Sometimes network connections to Elasticsearch seem to be in a stuck state. This will manifest in nodes being unable to perform queries that require data located on other nodes, and in certain _cat commands failing to work consistently. Specifically, we see _status calls fail to respond, _cat/shards and _cat/indices calls fail to respond, and _cat/nodes calls respond intermittently. Queries that require only local responses from the node will succeed.
This seems to happen when a system is handling many operations sequentially. It does not necessarily require high load, but queries or update operations coming rapidly after one another seem to trigger it.
This problem appears to be an interaction between a particular kernel version, Xen, and Elasticsearch. The current (at the time of this writing) default Ubuntu distribution used for new hosts on AWS does exhibit the issue, and AWS is based on Xen.
How does it manifest?
You will have TCP connections that apparently are stalled. Like calling /_cat/shards or /_cat/indices
Another indication is the occurance of the rides the rocket log message in your kernel log. Either call dmesg or check /var/log/kern.log to see messsages like this
[14349.792093] xen_netfront: xennet: skb rides the rocket: 19 slots
The cause is a kernel bug in combination with XEN, the hypervisor used in AWS. It has been introduced kernels newer than 3.7.

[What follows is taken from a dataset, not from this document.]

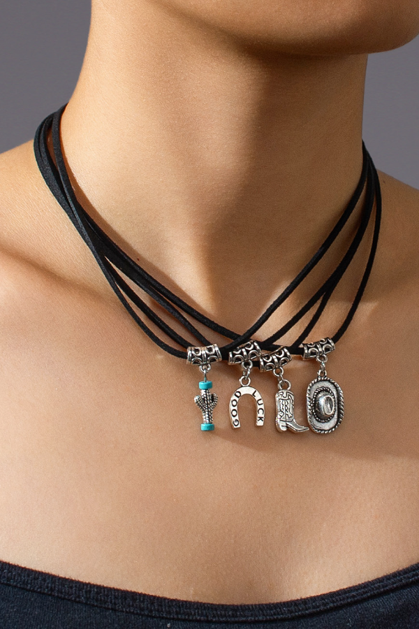 Women Western Shoes Hat Necklace

A very large SKB can span too many pages (more than 16) to be put in the driver ring buffer which results in packets being dropped - in the hope that the client will retransmit and the issue does not occur anymore.
What is an SKB: The socket buffer, or "SKB", is the most fundamental data structure in the Linux networking code. Every packet sent or received is handled using this data structure. SKBs are composed of a linear data buffer, and optionally a set of 1 or more page buffers.
This problems seems to manifest easier in some AWS boxes due to their higher default MTU of 9000, but the MTU is actually not relevant, however having scatter/gather operation mode configured for the network card does make a difference.
What is a scatter/gather operation?
The data queue in front of a TCP socket is not divided into the datagrams that will go out onto the network interface. If, however, the network interface that is destined to transmit the packet can perform scatter/gather I/O, the packet need not be assembled into a single chunk, and much of that copying can be avoided. Scatter/gather I/O also enables “zero-copy” transmission of network data directly from user-space buffers.
With the gather feature, you can give the network card a datagram which is broken into pieces at different addresses in memory, which can be references to the original socket buffers. The card will read it from those locations and send it as a single unit.
Without gather (hardware requires simple, linear buffers) a datagram has to be prepared as a contiguously allocated byte string, and all the data which belongs to it has to be memcpy-d into place from the buffers that are queued for transmission on the socket.
This feature needs to be supported by your network interface card.
Upgrade your kernel
Part of ubuntu linux (3.13.0-46.75) trusty; urgency=low
Official kernel contains this in 3.18.1
Disable scatter gather/TSO
Run ethtool to disable scatter gather as well as tcp and generic segmentation offloading
sudo ethtool -K eth0 sg off
sudo ethtool -K eth0 tso off gso off
Our EC2 cluster seemed to work with only running the first ethtool command.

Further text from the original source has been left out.